How dared this shabby-looking man, with clumsy boots that were queer about the heels, and a mangy fur collar, like the skin of an invalid French poodle, to his threadbare coat — how in the name of all that is audacious, dared such a low person as this lay his dirty fingers upon the sacred shoulder of Henry Dunbar of Dunbar, Dunbar, and Balderby’s banking-house, St. Gundolph Lane, City?
The millionaire turned, and grew as ashy pale at sight of the shabby stranger as he could have done if the sheeted dead had risen from one of the graves near at hand. But he uttered no exclamation of horror or surprise. He only shrank haughtily away from the Major’s touch, as if there had been some infection to be dreaded from those dirty finger-tips.
“May I be permitted to know your motive for this intrusion, sir?” the banker asked, in a cold, repellent voice, looking the shabby intruder full in the eyes as he spoke.
There was something so resolute, so defiant, in the rich man’s gaze, that it is a wonder the poor man did not shrink from encountering it.
But he did not: he gave back look for look.
“Don’t say you’ve forgotten me, Mr. Dunbar,” he said; “don’t say you’ve forgotten a very old acquaintance.”
This was spoken after a pause, in which the two men had looked at each other as earnestly as if each had been trying to read the inmost secrets of the other’s soul.
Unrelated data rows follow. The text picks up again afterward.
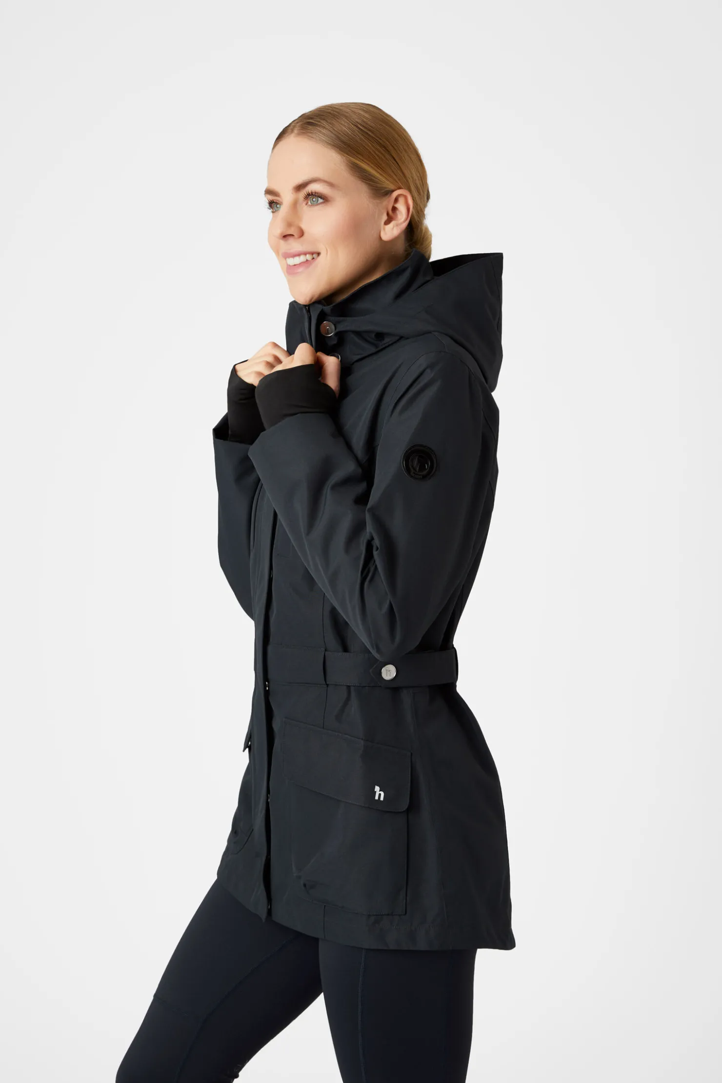 Et stilig design som er innsvingt i livet gir denne damejakken et fint, skreddersydd utseende. Lommene holder alt for deg, fra godbiter til bilnøkler og mobiltelefoner. Horze-emblemet på skulderen og fine detaljer som trykknapper og sterke nylonglidelåser gjør at denne kvalitetsjakken er like holdbar og funksjonell som den er fin. Stoffet er pustende og vanntett, og vil beskytte deg mot det varme sommerregnet. Ryggsplitt vil hjelpe deg med å dekke salen og gir mye bevegelsesfrihet. De sofistikerte fargene matcher med mange plagg i sesongens kolleksjon.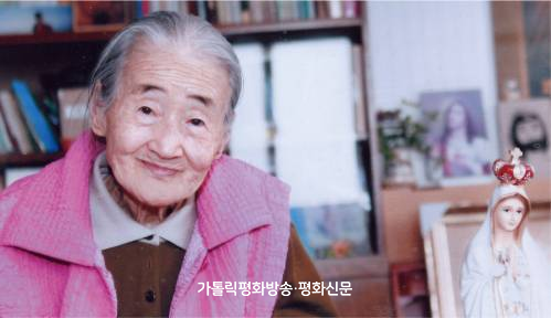 ▲ 한국 교회 최초로 아들 넷을 사제로 주님께 봉헌하고 평생 주님 안에 자녀를 위하며 살았던 이춘선 할머니가 생전 성모상 옆에서 미소 짓는 모습. |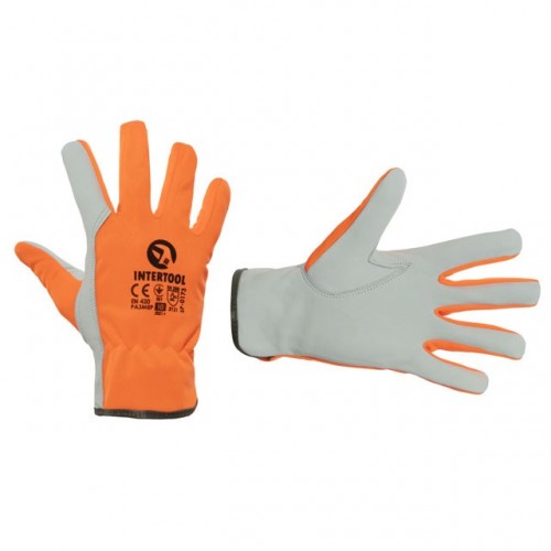 Перчатка кожаная комбинированная из высококачественной козьей кожи и флуоресцентной оранжевой ткани 10" INTERTOOL SP-0173

“Don’t say you’ve forgotten me, Mr. Dunbar,” repeated the Major.
Henry Dunbar smiled. It was a forced smile, perhaps; but, at any rate, it was a smile.
“I have a great many acquaintances,” he said; “and I fancy you must have gone down in the world since I knew you, if I may judge from appearances.”
The bystanders, who had listened to every word, began to murmur among themselves. “Yes, indeed, they should rather think so:— if ever this shabby stranger had known Mr. Dunbar, and if he was not altogether an impostor, he must have been a very different sort of person at the time of his acquaintance with the millionaire.”
“When and where did I know you?” asked Henry Dunbar, with his eyes still looking straight into the eyes of the other man.
“Oh, a long time ago — a very long way off!”
“Perhaps it was — somewhere in India — up the country?’ said the banker, very slowly.
“Yes, it was in India — up the country,” answered the other.
“Then you won’t find me slow to befriend you,” said Mr. Dunbar. “I am always glad to be of service to any of my Indian acquaintances — even when the world has treated them badly. Get into my carriage, and I’ll drive you home. I shall be able to talk to you by-and-by, when all this wedding business is over.”
The two men seated themselves side by side upon the spring cushions of the banker’s luxurious carriage; and the vehicle drove rapidly away, leaving the spectators in a rapture of admiration at Henry Dunbar’s condescension to his shabby Indian acquaintance.